Bitcoin: A moeda dos que não têm moeda?

Nos últimos cinco anos o kwanza angolano perdeu 75% do seu valor relativamente ao dólar norte-americano, o peso argentino 85%, a lira turca dois terços e o real brasileiro metade do seu valor. Entretanto, nesse período a bitcoin (BTC) multiplicou o seu valor por 100, de 660 dólares em outubro de 2016 para os atuais 66 mil dólares.

Perante estes números, não é de estranhar uma gradual preferência e adoção da BTC pelas populações dos países de fronteira, e mesmo de algumas economias emergentes, em detrimento das suas moedas locais. A desconfiança de muito povos africanos, latino-americanos e asiáticos nos seus governos e instituições é, talvez, maior do que o receio nos algoritmos da BTC. Apesar do curso forçado da moeda local, a procura por uma moeda estrangeira robusta, como o dólar, para proteção contra as suas moedas inflacionistas é uma realidade há muitas décadas e, atualmente, a moeda norte-americana tem a rivalidade da BTC. Países com baixos índices de desenvolvimento humano, caracterizados por aparelhos produtivos desestruturados e baixos níveis de educação, procuram meios de pagamento alternativos que facilitem as trocas e preservem o valor. A subida exponencial da BTC desperta o interesse de muitos, e apesar da elevada volatilidade afastar, eventualmente, as populações das economias avançadas, não será, talvez, um problema para as pessoas dos países subdesenvolvidos.

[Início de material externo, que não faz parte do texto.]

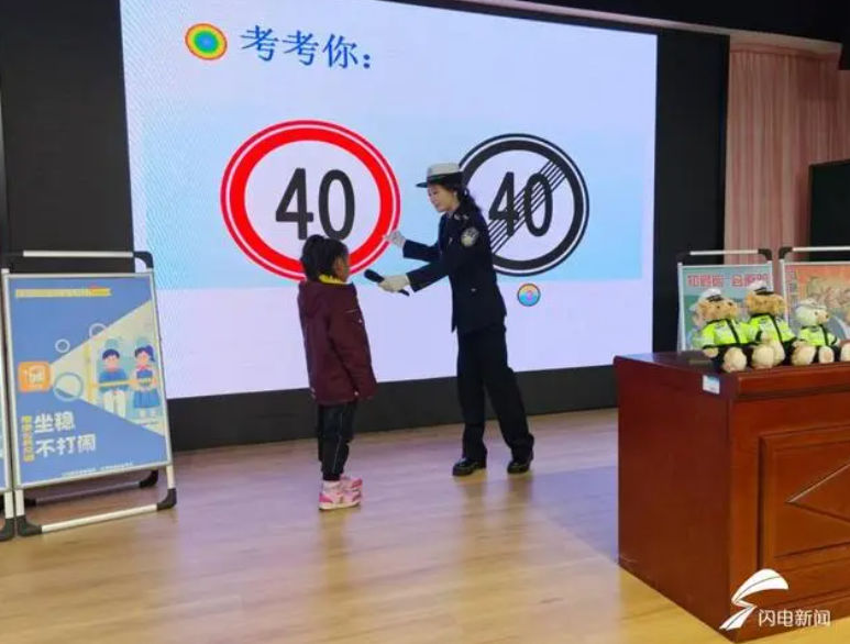 “生動活潑,入腦入心”。民警通過ppt為同學們介紹了各種常見的交通標志、標線,例如“一盔一帶”,“安全帶是生命帶”、“細觀察,不猛跑”等。同時,民警還開展了有獎互動,為答對問題的小朋友送上交通安全文創產品。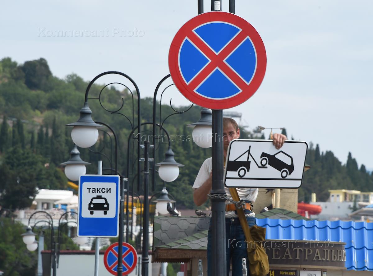 Жанровая фотография. Установка дорожного знака "Парковка запрещена" на одной из улиц Алушты.

Mesmo as principais moedas mundiais têm sido penalizadas na última década pelas musculadas políticas monetárias expansionistas encetadas pelos seus bancos centrais. A descida das taxas juro para níveis próximos de zero, ou mesmo negativos, parece não ter sido suficiente para estimular o crescimento económico. Por conseguinte, o Banco do Japão e a Reserva Federal dos EUA (Fed), em primeiro lugar, seguidos depois pelo Banco Central Europeu, compram há anos títulos de dívida pública, e outros ativos, financiando indiretamente e monetizando as crescentes dívidas públicas dos seus governos, no intuito de promoverem o crescimento e segurarem a secular hegemonia económica global. Esta postura descredibiliza as principais moedas mundiais e beneficia a BTC, uma criptomoeda deflacionista. Nos últimos meses, cresce o receio de estagflação, mas o ouro, uma reserva de valor milenar, mantém-se estável e não corrobora essa preocupação, todavia a BTC valorizou mais de 100% desde os mínimos de meados de julho e alcança novos máximos históricos. Será a BTC percecionada, atualmente, como uma cabal reserva de valor e mais importante do que o ouro? Em março do ano passado, início do confinamento ditado pela pandemia, diante da incerteza e da volatilidade, a BTC perdeu 50% e o ouro caiu 14%, no entanto o dólar valorizou. Em momentos críticos, a preferência por liquidez recai sobre a moeda norte-americana que continua a dominar.

Tentar restaurar a credibilidade das moedas fiduciárias, mediante a retirada dos estímulos monetários e aumento de juros pelos bancos centrais, poderá desencadear instabilidade no sistema financeiro (queda de ações, obrigações, imobiliário, problemas com hipotecas e serviço da dívida pública mais elevado) e espoletar uma nova ronda de estímulos monetários. Será um ciclo vicioso? Nada fazer descredibiliza as principias moedas fiduciárias e fomenta as criptomoedas. Em 2018 a Fed tentou reverter a política monetária, mas desistiu, após 20 meses, devido à desaceleração económica. No entanto, nesse ano a BTC perdeu mais de 70%.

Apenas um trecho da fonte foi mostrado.